In the same hearing, Ms. Cho also blamed a lack of training for the inconsistency and inefficiency of law enforcement agencies. She testified that while local agents are often dedicated to fighting sex trafficking, law enforcement governance falters in the middle levels of command. As a result, agents who deal with trafficking victims do not always receive training as it is legislated at the federal level. [30] Through CAST, Ms. Cho had worked with victims who experienced a wide range of difficulties with the justice system. Some victims wanted to testify against traffickers but were never contacted by prosecutors, others were housed in homeless shelters for months while awaiting trials, and some were victims whose cases progressed so slowly that there was no chance of obtaining relevant evidence. [31] Cho also raised the issue of INS work permits, which were sometimes not issued to victims until months after their escape form forced labor.
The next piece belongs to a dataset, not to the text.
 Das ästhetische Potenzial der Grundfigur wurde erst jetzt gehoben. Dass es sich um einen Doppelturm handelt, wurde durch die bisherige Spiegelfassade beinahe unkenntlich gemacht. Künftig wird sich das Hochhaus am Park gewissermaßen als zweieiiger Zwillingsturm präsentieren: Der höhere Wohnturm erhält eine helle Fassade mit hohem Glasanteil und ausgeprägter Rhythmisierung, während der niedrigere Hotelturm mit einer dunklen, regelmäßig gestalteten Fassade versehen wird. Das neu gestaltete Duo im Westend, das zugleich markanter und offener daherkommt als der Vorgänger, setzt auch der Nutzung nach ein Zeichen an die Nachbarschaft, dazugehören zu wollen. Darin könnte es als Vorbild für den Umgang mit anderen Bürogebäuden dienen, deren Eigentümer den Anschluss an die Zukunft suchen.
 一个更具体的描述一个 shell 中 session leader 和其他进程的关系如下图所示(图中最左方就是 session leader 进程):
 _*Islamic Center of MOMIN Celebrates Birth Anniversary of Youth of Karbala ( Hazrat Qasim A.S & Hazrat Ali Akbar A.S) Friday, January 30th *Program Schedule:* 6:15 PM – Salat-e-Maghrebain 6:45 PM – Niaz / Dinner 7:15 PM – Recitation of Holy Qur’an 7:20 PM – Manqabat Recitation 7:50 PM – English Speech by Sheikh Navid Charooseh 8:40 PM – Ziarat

Without work permits, these women risk repeated victimization because they can only work in the underground economy. [32]
At the same time that it is disquieting to find that law enforcement agents who are dedicated to stopping human trafficking are not receiving proper training, it is more disturbing to consider agents who are still unaware or apathetic to the problem of sex trafficking. There are institutional biases, particularly in the INS, which must be overcome to properly address sex trafficking. In 1998, an anti-trafficking conference attended by Ukranian government officials, NGO representatives, law enforcement officers and media was held in
New Jersey. The location was selected because hundreds of Ukrainian women had been trafficked into the state for the purpose of sexual exploitation. An INS official who had been selected to address the attendees told them, “This is your problem that you are going to have to solve. It’s like drugs—you have to go to the root of the problem, which is overseas.” [33] Another INS agent told researcher Amy Richard that there are no innocent victims, only willing participants. [34] A perception that prostitution is a victimless crime and the “semi-legal” status of prostitution shapes law enforcement responses to victims of sex trafficking. [35]
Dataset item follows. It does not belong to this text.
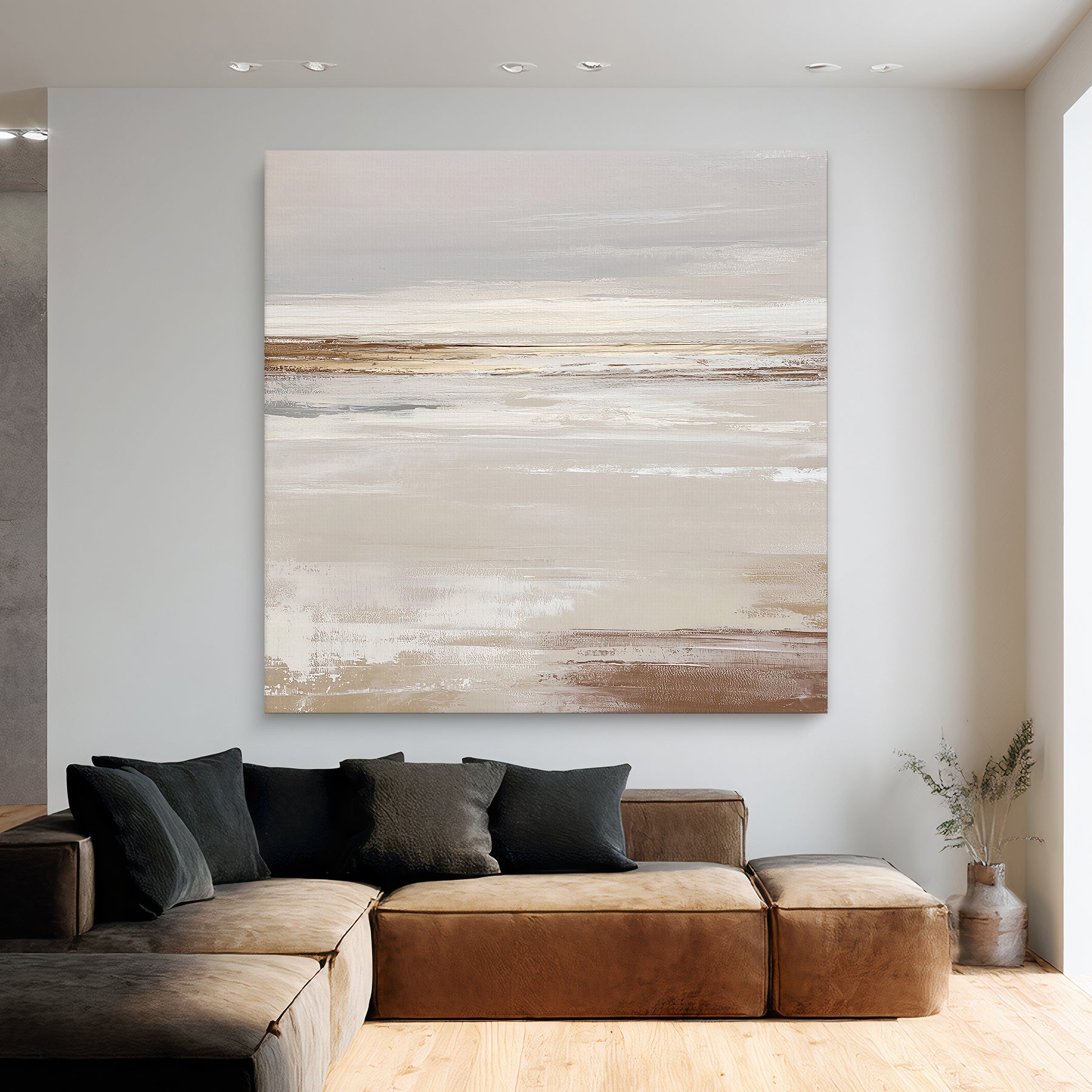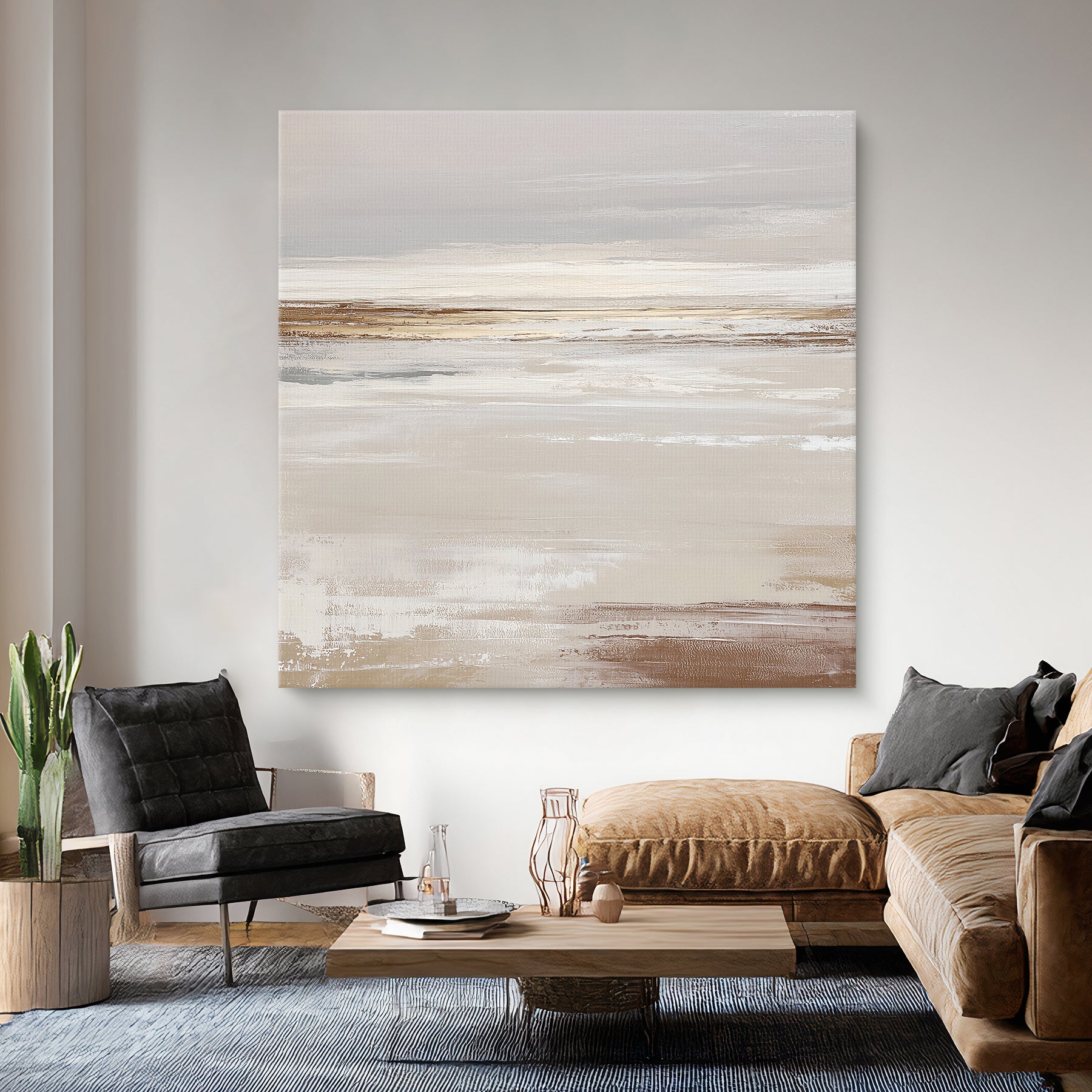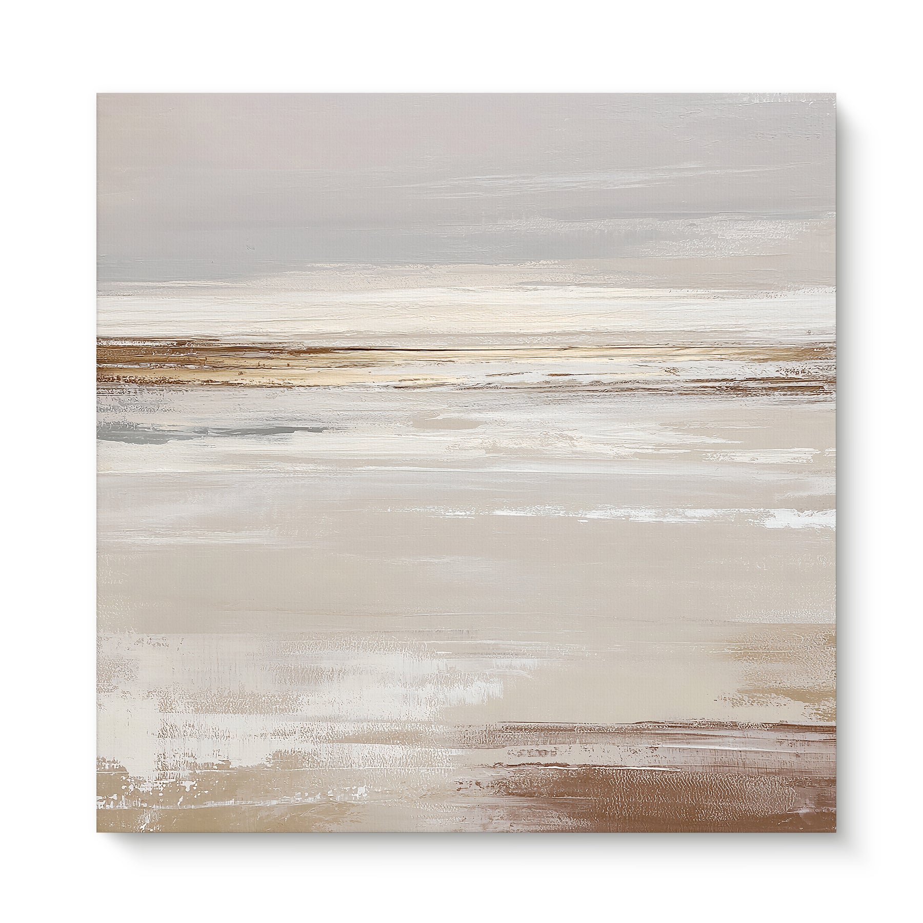 "Desert Calm" is a tranquil abstract artwork that captures the vast, quiet beauty of a warm landscape. The design features a serene palette of earthy beiges, soft whites, and muted browns, with a golden streak that draws the eye across a profound sense of space and a distant horizon. This minimalist piece brings a sense of calm and contemplative depth to any modern interior.

15. Trade Product Identification: Children

16. Economic Data

The global trade in women and children is estimated to earn traffickers $7 billion per year. It is the third leading money earner for organized-crime networks following the trade in drugs and arms. Researchers are debating whether or not a larger percentage of children in the total world population are being sexually exploited today than in the past. There is no reliable global estimate of the number of children involved in commercial sexual exploitation. Official estimates are notoriously due to the underground nature of the sex trade and national embarassment. However, many argue that estimates provided by child advocacy organizations are too high. Even the numbers that have been published by various research organizations are of limited reliability because of the variety of methodologies, term definitions and the generally small sample sizes. Very little information is available from many regions. If only one child is exploited in the sex trade it is one too many, but we know that far more children are involved. [36]

17. Impact of Trade Restriction:

Medium. In respect to Public Law 106-386, Division A—Trafficking Victims Protection Act of 2000, the overall legislation is very well thought out, and once fully implemented and enforced, shows great potential for effecting the well-being and security of hundreds of thousands, if not millions, of women and children.
There are, however, two comments that I would like to make in regard Sec. 102. Purposes and Findings, (21) & (22).
(21) "Trafficking of persons is an evil requiring concerted and vigorous action by countries of origin, transit or destination, and by international organizations." “Evil” is a moral judgment that discredits the legislation. Not only does it violate the separation of church and state, the statement is misleading because it implies that there are countries that are entirely immune to the problems of severe forms of trafficking.
(22) "One of the founding documents of the United States, the Declaration of Independence, recognizes the inherent dignity and worth of all people. It states that all men are created equal and that they are endowed by their Creator with certain unalienable rights. The right to be free from slavery and involuntary servitude is among those unalienable rights. Acknowledging this fact, the United States outlawed slavery and involuntary servitude in 1865, recognizing them as evil institutions that must be abolished. Current practices of sexual slavery and trafficking of women and children are similarly abhorrent to the principles upon which the United States was founded."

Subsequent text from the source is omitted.